Jack Hazen, Lisa Larsen Rainsberger (my professional coach from 2007-2010 and last american female to win the Boston Marathon) and Dr. Joe Vigil have taught me the most about the importance mental visualization and motivation.

It is vital you train mentally. We know how to train physically, but some of the above mentioned methods will assist you in being a better athlete and provide an easier way of getting in better shape. Worry and over analyzing about future races, how you are going to run and if you can hit that goal time, isn’t worth your energy. Practice visualizing several times a day your body performing exactly how you want it to and think about the positives, forget about anything negative. Coach Vigil’s book Road to the Top: A Systematic Approach to Training Distance Runners is one of the best books on the market for proper training, physically and mentally, you can get. I bought it years ago and continue to reference it.

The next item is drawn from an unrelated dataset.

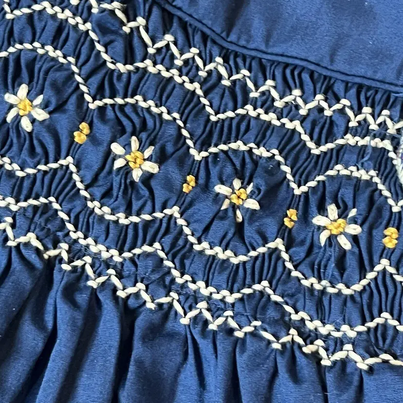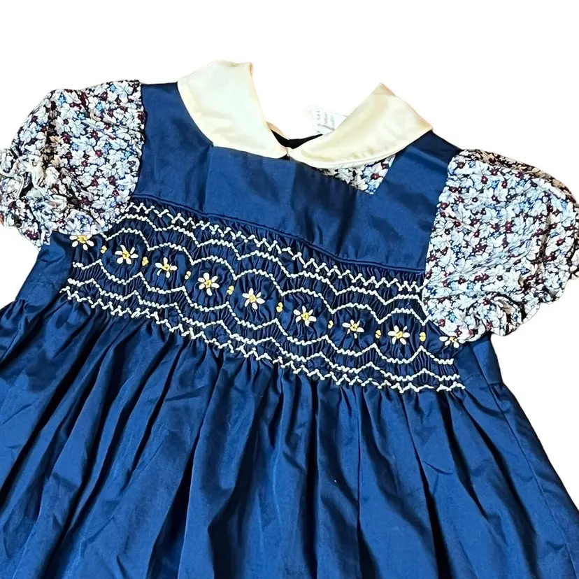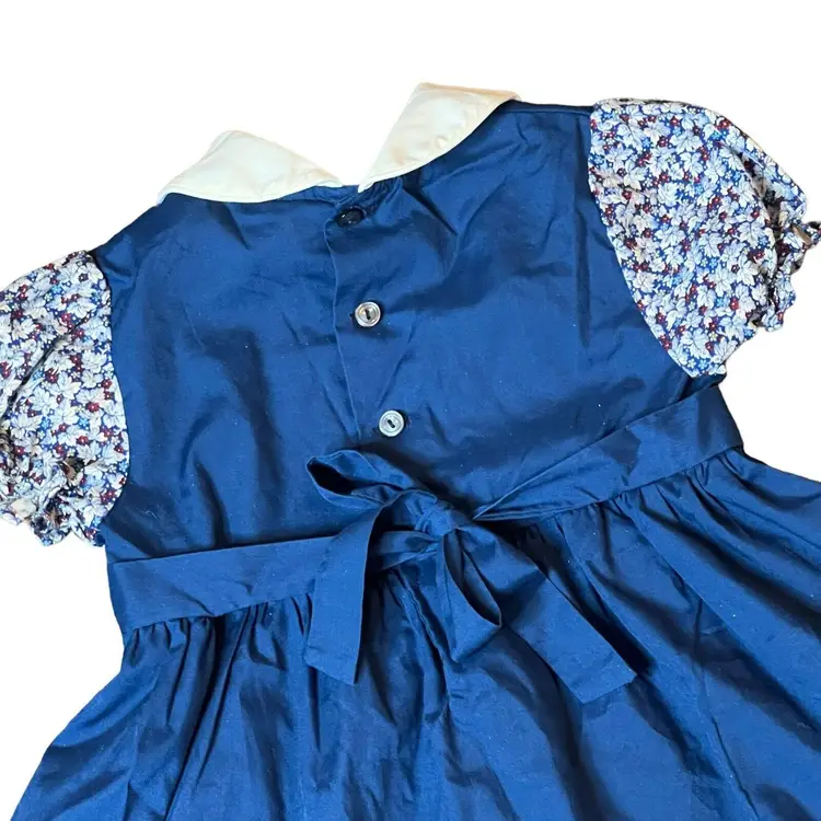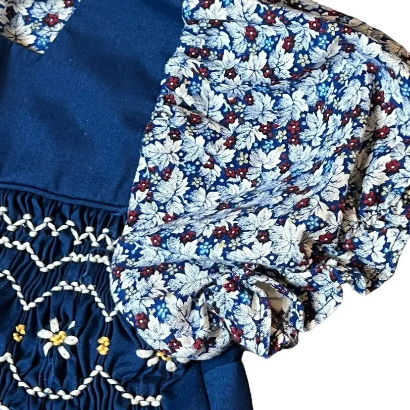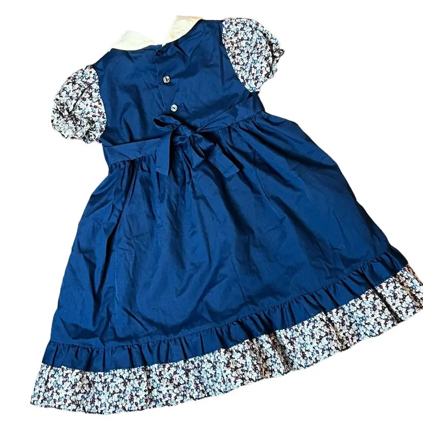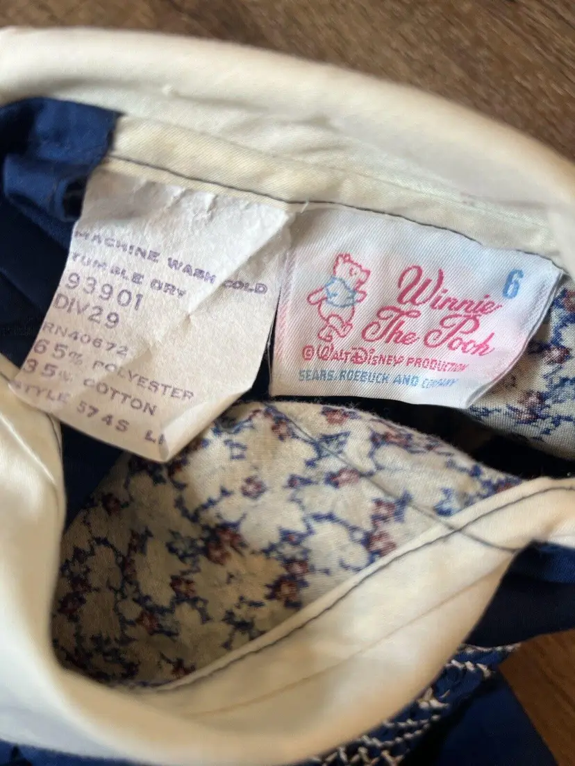 Vtg Sears Winnie The Pooh Dress Girls Size 6 Blue White Ruffle Floral 1980s
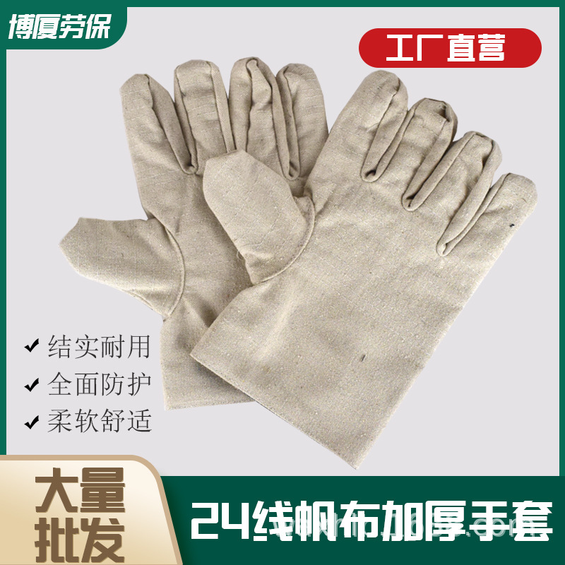 공장 직접 판매 고품질 24 라인 다섯 손가락 캔버스 장갑 단열 및 내마모성 전기 용접 노동 보호 장갑스토어 가기

5. Neglect Practicing The Pace You Want To Hold In The Race. A race has no rest breaks and jogging everyday will not prepare you to hit a time goal you are looking for. Running easy is great for fitness reasons and if your goal is unrelated to a specific race time, than please continue to run easy and build your fitness. This is the deal, if you have a goal time in mind, what you have to ask yourself is ‘what do I have to do to hold that pace without slowing down‘? The kenyans and other runners out there who seem as if they are on autopilot when they are racing have trained in such a way that minimizes the ‘slow down’.

This form of training is what we call in the running community, ‘lactate threshold’. It is the point at which lactic acid begins to build up in your bloodstream. What you want to do is train at that intensity and gradually extend the length of time you spend there. Your body will adapt and supercompensate meaning it will absorb the training and bounce back even stronger.

You will notice the fitter you get that that workout you did a couple weeks ago isn’t so hard anymore. It takes 21 days for a physiological adaptation to occur within the body. The more time you spend practicing not only your race pace but focusing on the extension of time you spend there, the better you are going to race.

The best runners are clearing lactic acid quicker than it is building up in their bloodstream, thus, they slow down less and maintain pace longer.

This is the goal!

6.Over-Train and Race. I learned this one the hard way. I spent from October 2009 to December 2011 chasing the 2012 Olympic Marathon Trials standard of 2.19.00 with no breaks whatsoever. I scared it with the 2.26 I ran last year but by that time I was really redlining as I spent over two years with very little breaks. Back-to-back marathons stemming from a short timeline I had to earn the time or else I would be released from the Army World Class Athlete Program, and than continuing to chase it after I moved on to my current assignment.

You have to give yourself a break. I would never recommend training any longer than 16 weeks for a marathon. Are there runners out there running back-to-back marathons or ultra’s, absolutely, but if you want to improve your time don’t over extend your training phase. You want to perform at your maximum.

Allow yourself some down time and don’t be in a rush. There will always be another race and if you have an objective like qualifying for the Boston Marathon or earn an Olympic Trials qualifying standard in a track and field or road racing event, give it your best shot. Do not live with regrets that you didn’t try.

Whatever your running goals are I hope some of this will strike a cord and steer you into new ways of thinking and adjust some of the thought patterns which could be triggering the reason why you are not running up to your standard. Keep fighting and bounce back.

If you have dealt with issues in your racing or fitness. Get up, brush your shoulders off. Your best races are in the near future!